:: DATA LISTING

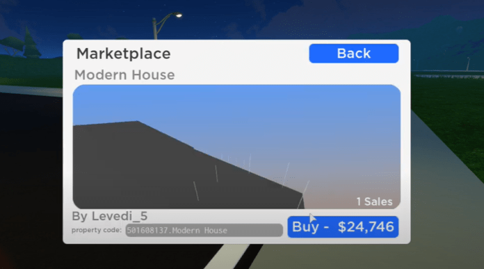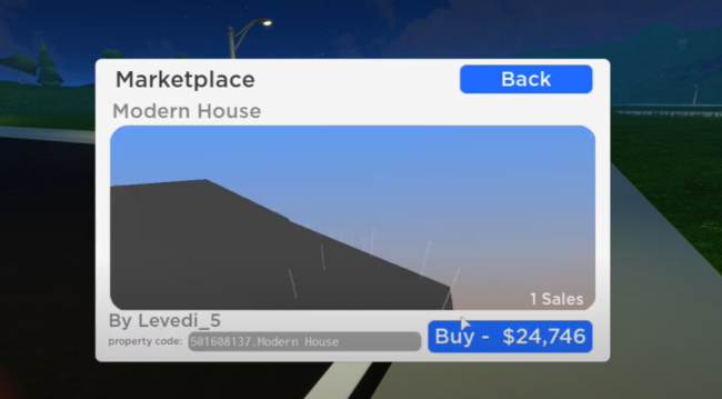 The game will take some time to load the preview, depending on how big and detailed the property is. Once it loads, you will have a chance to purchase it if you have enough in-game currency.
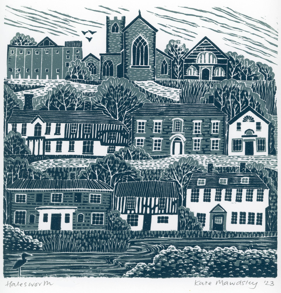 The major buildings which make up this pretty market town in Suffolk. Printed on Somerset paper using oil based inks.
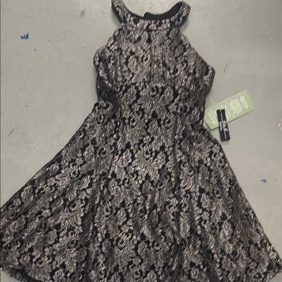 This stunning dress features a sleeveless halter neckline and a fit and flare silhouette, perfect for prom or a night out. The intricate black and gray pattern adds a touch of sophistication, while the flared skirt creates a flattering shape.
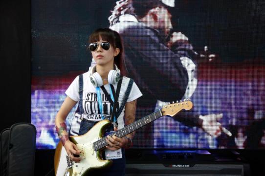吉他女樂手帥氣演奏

::::
:: DATA LISTING

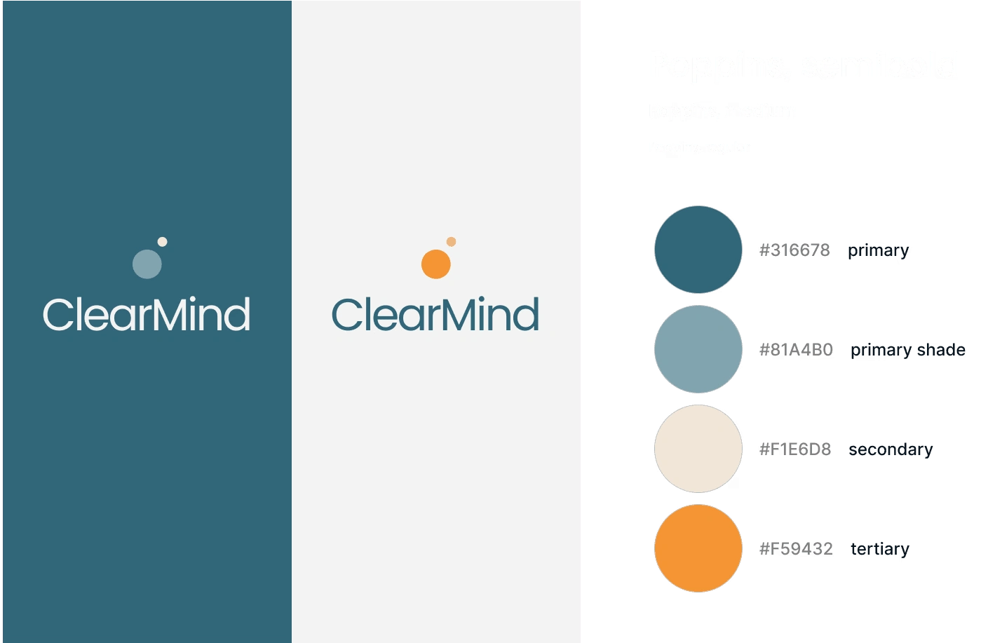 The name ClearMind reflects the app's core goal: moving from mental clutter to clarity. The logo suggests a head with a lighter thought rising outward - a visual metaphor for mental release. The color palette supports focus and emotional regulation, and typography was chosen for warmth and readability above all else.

::::
:: DATA LISTING

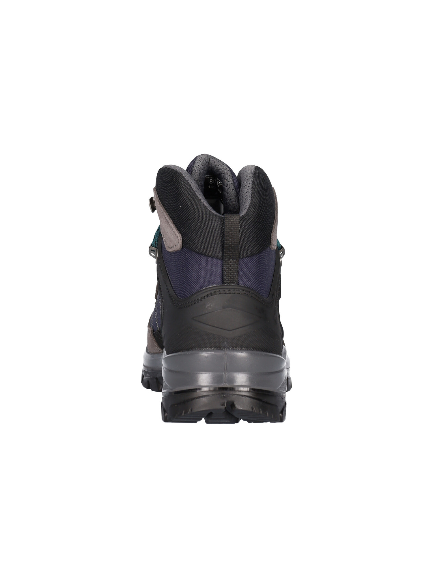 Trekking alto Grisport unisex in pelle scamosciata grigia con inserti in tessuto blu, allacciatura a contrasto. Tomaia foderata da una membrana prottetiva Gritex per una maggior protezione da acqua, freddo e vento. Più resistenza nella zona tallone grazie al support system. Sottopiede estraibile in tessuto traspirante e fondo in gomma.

::::

▸ **DIRECTIONS**: Your reply should consist solely of the lines above from the line containing "The game will" up to and including the line containing "The major buildings", reproduced exactly, minus the pictures.

▸ **ANSWER BOX**:
 The game will take some time to load the preview, depending on how big and detailed the property is. Once it loads, you will have a chance to purchase it if you have enough in-game currency.
 The major buildings which make up this pretty market town in Suffolk. Printed on Somerset paper using oil based inks.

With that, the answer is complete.